Multimedia Data Analysis on a Massively Distributed Parallelization Network of Anonymous Web Clients

By Jeremy Hall – 2nd Year Master Student – Keio University

Professor Kiyoki's Laboratory

February 25th 2010

Overview

This semester I focused on the idea of forming a cloud video analysis resource from the combined power of clients browsing a website. This falls under the realm of “distributed and parallel computing”, but also “video analysis”. I submitted my research to two different conferences, the IEEE MAW10 (Mining and Web 2010) conference:

http://www.ece.uvic.ca/~kinli/MAW10/

Titled: "Multimedia Data Analysis on a Massively Distributed Parallelization Network of Anonymous Web Clients"

and the ACM SOCC (Symposium on Cloud Computing) conference:

http://research.microsoft.com/en-us/um/redmond/events/socc2010/

Titled: "A Reverse-Cloud Distributed Video Analysis System with Autonomous Client-Driven Task Allocation"

My first paper was accepted by the MAW10 conference. The second paper was not accepted, however I plan to revise it, and resubmit it to another international conference.

Research Abstract

The following is the abstract I used for the ACM SOCC conference paper, and nicely summarizes the research I engaged in:

“This paper proposes a distributed content-based video analysis system that utilizes the combined computing power of anonymous web clients – those users anonymously browsing a website – as a cloud computing resource on which to perform content-based video analysis. Our goal is to enable a new, scalable video-analysis resource on which organizations can perform more complex video analysis in order to improve video retrieval accuracy and relevance for their users without significantly impacting the costs of performing video analysis. The unique feature of this system, called a “reverse-cloud”, uses autonomous client-driven organization mechanisms that enable us to exploit large numbers of anonymous web clients, seamlessly harnessing their power as they connect while being able to ignore the complexity of actively managing such a volatile resource. The following are the two key technologies of this architecture: 1) a dual-channel communications protocol, which defines a logical communications model to use between servers and anonymous web clients, and 2) a task allocation algorithm featuring client-driven organization mechanisms based on random selection for enabling stateless, implicit communications. We have created a prototype implementation by mapping a computationally and IO intensive video analysis algorithm onto our architecture so that we can evaluate the effectiveness and utility of our proposed architecture.”

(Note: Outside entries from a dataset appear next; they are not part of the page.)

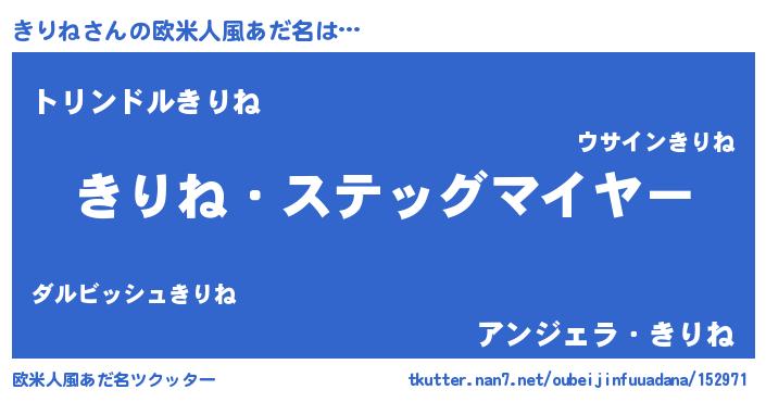 | 男性向けラノベタイトル風あだ名 | 『緋弾のキリネ』『はたらくきりねさま!』 |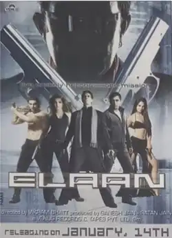 Elaan (Hindi pronunciation: [ʔeːlaːn]; transl. Declaration or Announcement) is a 2005 Indian Hindi-language action thriller film about five characters and their plan against one man. Produced by Ganesh Jain and Ratan Jai, written and directed by Vikram Bhatt, the film stars Arjun Rampal, John Abraham, Amisha Patel, Rahul Khanna, Lara Dutta, Mithun Chakraborty.[1][2]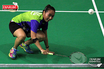 Mia Mawarti (Guna Dharma) mengembalikan shuttlecock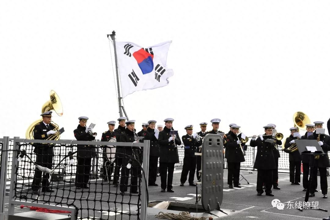 韩方官兵在“忠武公李舜臣”号驱逐舰直升机甲板奏响军乐。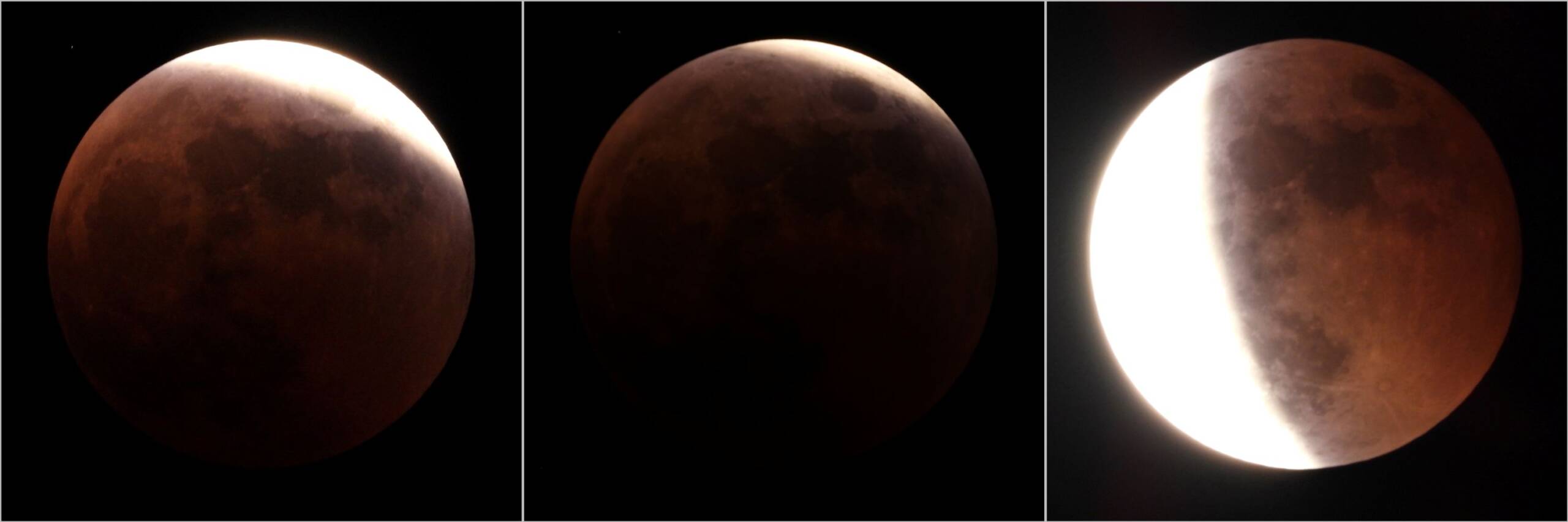 皆既開始時、皆既最大および皆既終了時点の画像(上記に示した時刻とは少しずれます)を画像4に示します。月食時の色合いは眼視では赤黒い印象です。月の海がどうしても暗めになります。それでもカメラは明るく撮ろうとするほど鮮やかになります。三枚の内、中央の皆既食最大時のシャッター速度が4秒、他は2秒です。それ以外は共通でISO-400 f/6.3 359mm(2,000mm相当)。皆既食最大時のみやや暗く処理しています。他は原画(トリミングのみ)のままです。

The research focused on how well anonymous web clients could build the dendrogram structure on the left. Through experimental results gathered from a prototype implementation, we found that the combined power of YouTube's clients would be more than enough to build this structure (which is important for performing content-based video retrieval) for all videos uploaded to YouTube. Not only that, but offloading such work to anonymous web clients would reduce the processing power required to create such a structure by a factor of 900 (a substantial reduction).

Concept of a Reverse-Cloud & Motivating Examples

Our research goal is to assemble anonymous clients browsing a website into a usable video analysis resource. More specifically, an existing user-submitted video service should be able to use this analysis resource to offset their in-house or rented server costs. A common cloud computing model is a black box of server resources which are accessed as a service through an API. Those server resources are dedicated to performing server-side functions. We wish to emphasize the difference of our system as compared to traditional cloud computing by referring to our architecture as a reverse-cloud architecture. This refers to how clients using an online service are themselves harnessed as a cloud resource.

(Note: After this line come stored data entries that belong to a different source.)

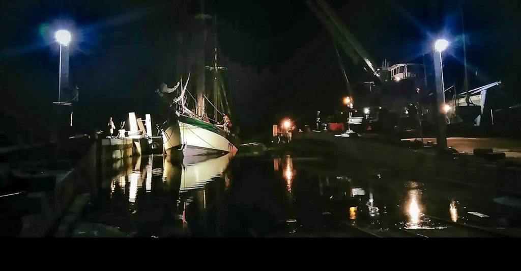 - At about midnight the crane returned Vega to an upright position. The pumps rapidly began lowering the internal water level. We asked the Shipyard to block the boat in that position with the crane still attached for safety and wait for the next low tide to patch the leaks. They ignored our request.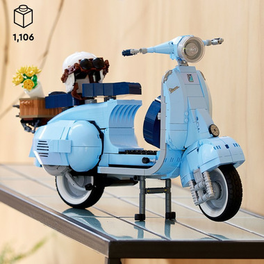 Dive into a mindful building project packed with style with this LEGO Vespa 125 model kit for adults. Inspired by the classic 1960s Vespa Piaggio, it comes in pastel blue a very rare LEGO colour that֒'s sure to appeal to building fans. To celebrate Vespas 75th anniversary, the LEGO designers have worked closely with the lifestyle brand to recreate this stunning model in an immersive build, especially for adults. Beautiful details. Authentic features Like the original, this buildable model Vespa features a front wheel mounted on one side, 2 seats, a removable engine cover with a brick-built engine beneath, a functioning kickstand, plus working steering. Finishing touches include the Vespa logo, a classic 1960s Italian license plate, a spare wheel, a helmet, plus an accessories basket including a flower bouquet on the back. Welcome to your zone Build creativity. Build concentration. Build your dream vehicle collection with exclusive, authentic model vehicles, made specifically for adults.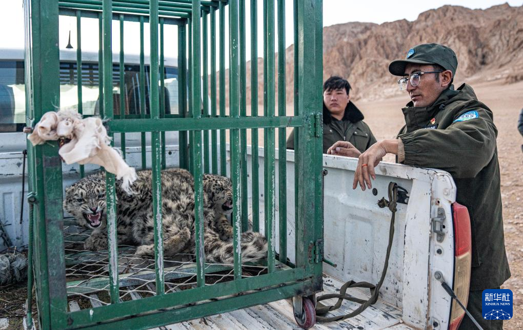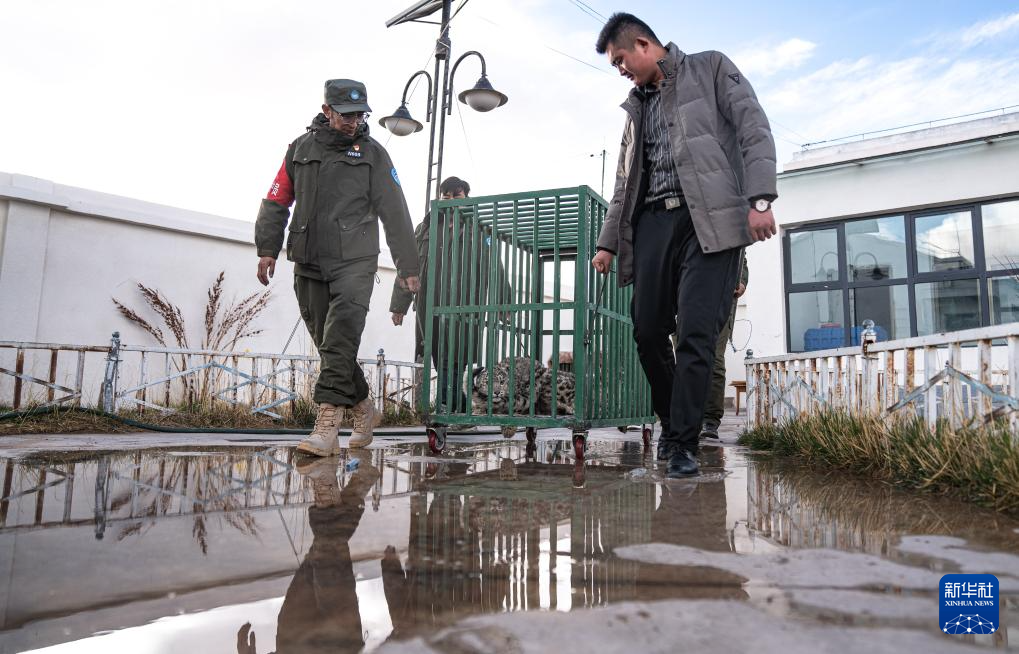 尼瑪縣野生動物管護(hù)隊員在運(yùn)送即將放歸自然的雪豹(5月13日攝)。新華社記者 丁增尼達(dá) 攝

A reverse-cloud architecture has the following three advantages: 1) Scalability: the system utilizes clients for processing video data, therefore as more clients connect to use an online service, the system automatically gains processing capacity. 2) Continuous Performance Improvement: As client hardware and browser software improve on users’ machines[6-7], the system’s overall processing capacity increases. 3) Compatibility: The architecture works over traditional HTTP infrastructure by reusing traditional resources in new ways.

In contrast to a reverse-cloud architecture’s scalability, with traditional server farms or rented virtual machines, increased demand results in increased costs as additional servers are purchased or virtual machines rented. By offloading work onto anonymous web clients, the reduction in in-house server requirements also means a reduction in maintenance, space, and utilities costs. Experiment 2 (see 4.1.3) demonstrates how offloading a dendrogram-based clustering algorithm to a reverse-cloud reduces processing requirements by a factor of 900.

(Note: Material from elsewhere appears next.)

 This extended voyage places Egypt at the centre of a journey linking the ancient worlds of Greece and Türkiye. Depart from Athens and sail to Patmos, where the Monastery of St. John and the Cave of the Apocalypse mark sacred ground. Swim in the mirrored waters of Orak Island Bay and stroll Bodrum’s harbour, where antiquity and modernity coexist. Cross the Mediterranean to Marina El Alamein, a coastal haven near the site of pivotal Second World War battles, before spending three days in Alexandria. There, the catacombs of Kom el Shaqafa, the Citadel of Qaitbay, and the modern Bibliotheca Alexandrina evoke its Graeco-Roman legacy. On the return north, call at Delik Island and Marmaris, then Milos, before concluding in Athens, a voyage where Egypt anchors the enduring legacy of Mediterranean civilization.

Future Research & Paper Submissions

I have many plans for future research. The above research has opportunities such as demonstrating the mapping of additional algorithms to this architecture, as well as investigate methods of increasing client-contribution efficiencies, mixing web-clients and servers as computational nodes, and looking into additional scaling opportunities alternative architecture implementations.

As for paper submissions, I plan on submitting to a journal paper soon, using the combined work of the previous two paper submissions as a platform from which to start writing.